#### PROMPT:
The line containing "接下来由本次获得国家助学金学" marks the end: copy exactly every line from the start of the records below up to and including it, leaving out pictures.

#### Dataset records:
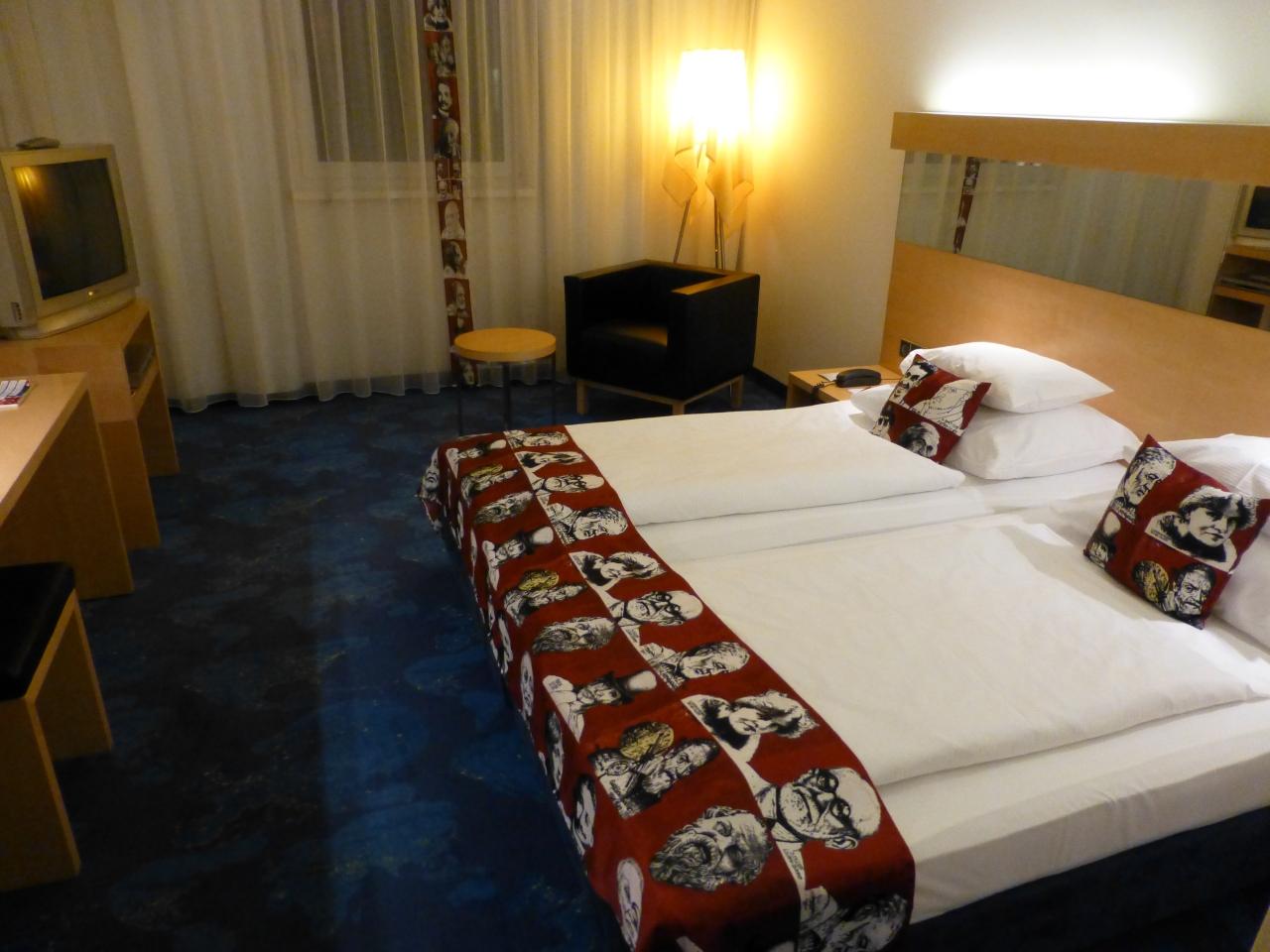 デザイナーズホテルのようで、ベッドカバーにはクロアチアの映画スターが描かれています。
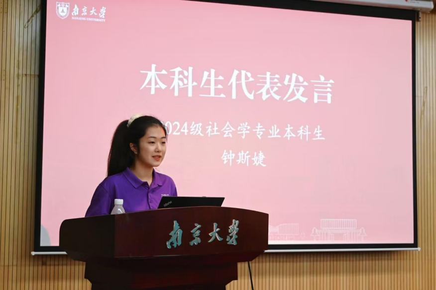 本科生代表、2024级社会学专业钟斯婕同学分享了自己选择社会学的心路历程。她的所思所感,也同样是每位社院人的缩影:因为热爱、因为求知,社院人在对社会问题和社会结构的探求中寻找自我的意义;因为理想、因为情怀,社院人在回应时代发问、把握现实困境的尝试中寻觅人生的价值。
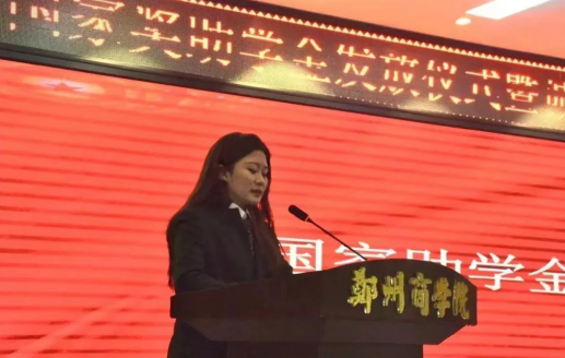 接下来由本次获得国家助学金学生代表栗思楠上台发言。她在发言中首先对学院领导老师的关心照顾表达感谢,并向各位获得助学金的同学们发出号召,希望大家合理安排收入支出,不盲目消费,不追求物质生活上的富足,树立正确的消费观,将助学金用到实处。
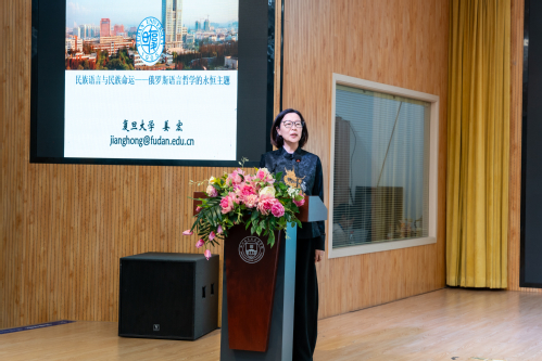 第二场报告由浙江外国语学院王松亭教授主持。北京大学凌建侯教授阐述了俄国文学研究的中国学派建设的底色与气象,主张立足本土立场、深化国际学术对话,为本土学术话语走向世界贡献中国智慧。武汉大学阮建平教授深入剖析了人工智能时代的理性主义与人文精神,指出人工智能需以人文精神加以驾驭,避免技术滥用对人类认知与心智成长的潜在冲击。复旦大学姜宏教授从俄罗斯语言哲学出发,揭示了民族语言与民族命运的内在关联及其对中国语言哲学体系建构的重要启示意义。
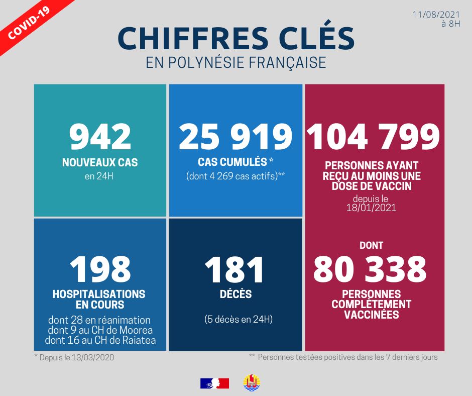 Après les 10 morts recensés, mardi 10 août 2021, le bilan épidémiologique publié mercredi 11 août 2021 par la plateforme Covid-19 Polynésie fait état de 5 nouveaux décès liés au Covid et de 942 nouveaux cas détectés en 24 heures.
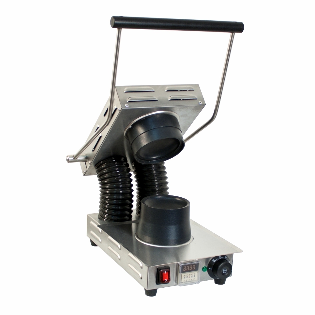 Также оригинальная конструкция форм для спекания позволяет не только «спаять» края лепешки или тоста, но и отрезать лишнюю внешнюю часть лепешки и создать «Г» образный рельеф шва спекания, повышающий надежность соединения. Устройство снабжено таймером для фиксации времени приготовления, которое является критическим фактором данной технологии.
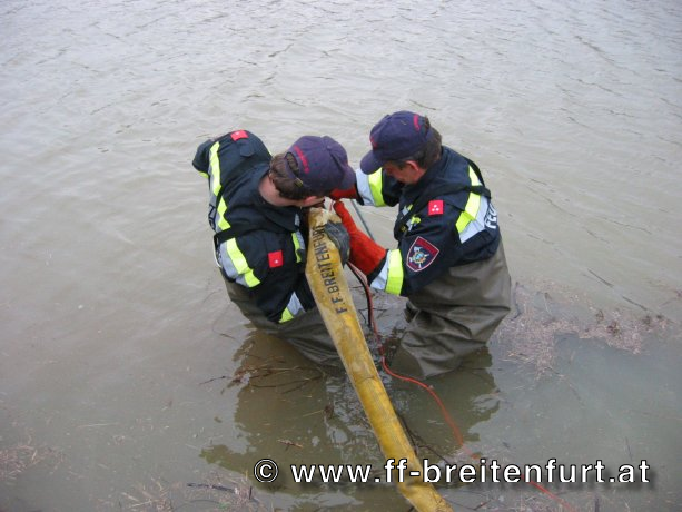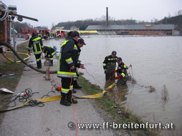 Um rund 18:30 Uhr konnte die Mannschaft aus Breitenfurt mit dem 2. KHD Bereitschaftszug ihre Arbeit aufnehmen. Aufgabe von ihnen war das Umpumpen eines See über einen Bahndamm in die March.
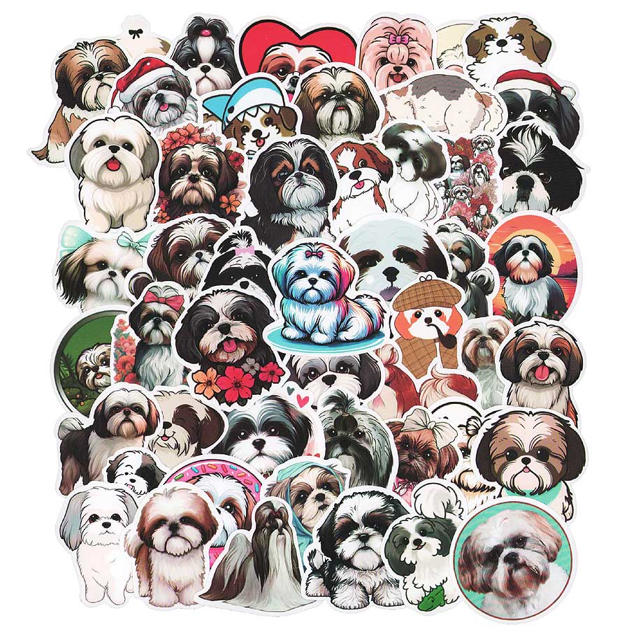 メール便送料無料♪たっぷり50枚セット♪シーズーのかわいいイラスト仕上げのステッカーです★色々な柄のシーズーがポップでかわいいですよね♪★詳しくは商品説明欄をご覧ください。シーズー 雑貨 ステッカー50枚セット コート紙製 犬 ペット シール グッズ
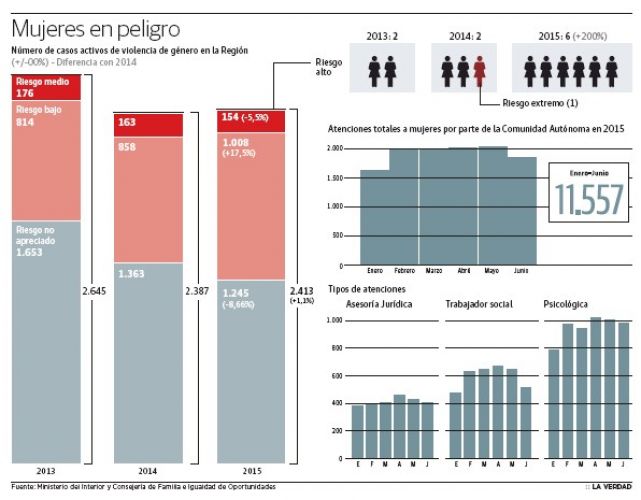 Las murcianas que han recibido atención policial han aumentado un 1% en los últimos meses.
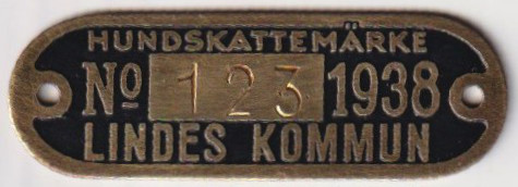 HUNDSKATTEMÄRKE No 123 1938 LINDES KOMMUN. Svart.
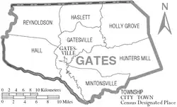 - Esta obra contiene una traducción derivada de «Gates County, North Carolina» de Wikipedia en inglés, publicada por sus editores bajo la Licencia de documentación libre de GNU y la Licencia Creative Commons Atribución-CompartirIgual 4.0 Internacional.
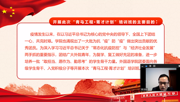 开班仪式在全场高唱中国共青团团歌下正式开始。全体学员首先回顾了公司往届“青马工程”培训班的概况与发展历程。随后,院团委书记黄佳栋致辞并介绍此次培训班的团队情况与学员考核办法。黄老师首先代表公司团委欢迎本硕各年龄段的优秀学子参与到培训班中;其次,他指出此次“青马工程·菁才计划”培训班是在全国上下“同心战疫,共克时艰”的背景下举行的,目的就是进一步夯实公司师生的信心,为顺利复学、复工做好准备。他希望广大学员牢记外院学子的使命,始终从此次抗疫战疫的斗争中汲取力量,为个人进步与公司发展贡献青春力量。

#### RESULT OF THIS EXERCISE:
 デザイナーズホテルのようで、ベッドカバーにはクロアチアの映画スターが描かれています。
 本科生代表、2024级社会学专业钟斯婕同学分享了自己选择社会学的心路历程。她的所思所感,也同样是每位社院人的缩影:因为热爱、因为求知,社院人在对社会问题和社会结构的探求中寻找自我的意义;因为理想、因为情怀,社院人在回应时代发问、把握现实困境的尝试中寻觅人生的价值。
 接下来由本次获得国家助学金学生代表栗思楠上台发言。她在发言中首先对学院领导老师的关心照顾表达感谢,并向各位获得助学金的同学们发出号召,希望大家合理安排收入支出,不盲目消费,不追求物质生活上的富足,树立正确的消费观,将助学金用到实处。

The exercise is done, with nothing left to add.